You are correct, FXO ports connect to the land lines. FXS ports connect to your only internal wiring (be sure to disconnect from the landline first!).

FXO ports do not provide any kind of line or ring voltage.
FXS ports DO provide line and ring voltage.

I use a Linksys SPA2102 here at the house. It has two FXS ports on board. I've disconnected from AT&Ts incoming line and I have one port connected to my house wiring. It drives all the ports and phones connected to it. It is essentially indistinguishable from a regular telephone line. I believe there's a SPA3102 that has two FXS ports and a single FXO port.
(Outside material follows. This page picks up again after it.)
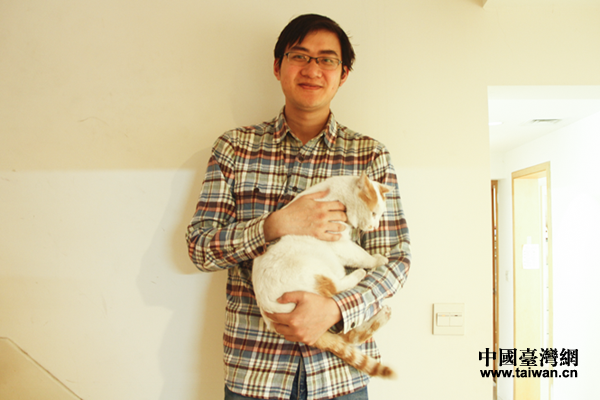 袁行遠(yuǎn)和他的愛(ài)貓“糖豆”(中國(guó)臺(tái)灣網(wǎng) 陳文韜 攝)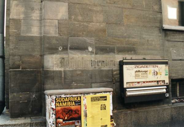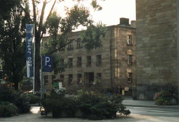 | Die folgenden Bilder wurden mir freundlicherweise von Thomas Kees zur Verfügung gestellt. Das Stenohaus wurde erst Mitte der 90'er Jahre abgerissen. Links im Bild sieht man noch die Flagge zur 800-Jahr Feier. Damals stand das Stenohaus also noch. Rechts davon ist die ehemalige EVO, früher "Haus der deutschen Erziehung", heute EON. |

You might want to check that out.


----------



## Uniballer (Jul 29, 2012)

I bought a couple of these cards on eBay, put them in a PC and installed Elastix.  Oh, and 18 Aastra 9133i SIP phones, and a Panasonic KX-TGP500B04 DECT SIP phone.

Making it all work on FreeBSD seemed like a lot more work.


----------



## wblock@ (Jul 29, 2012)

adam2104: The Linksys SPA3102 has one FXO and one FXS port.  I'm a little skeptical of it, because it seems like all the Linksys stuff in those enclosures runs really, really hot.  Also, it's a complete little router, and that seems like overkill.  And there was that Cisco fiasco (Ciasco?) lately.

Uniballer: the reason I'm considering this is to consolidate several functions in an idle server.  The setup might be a hassle, but would be a chance to work with Asterisk.  And also get some call filtering.


----------



## Uniballer (Jul 29, 2012)

OK.  The standard DAHDI modules built into Elastix (pre-built CentOS/Asterisk/FreePBX, etc) worked on the cards I linked earlier.  I used the OSLEC echo cancellation software already installed in Elastix.  The PC I used is an AMD Athlon II x2 250 with 1GB of ECC RAM, gigabit ethernet, and a 250 GB laptop hard disk, and the 2 TDM410P v2 PCI cards connecting 7 FXO ports and one FXS device.  The weakest link performance-wise is probably the hard disk, e.g. voice prompts, music on hold, or voicemail playback may sound rather fecal if the hard disk is too busy.  That doesn't seem to happen in normal operation but has been observed during after-hours backups, etc.


----------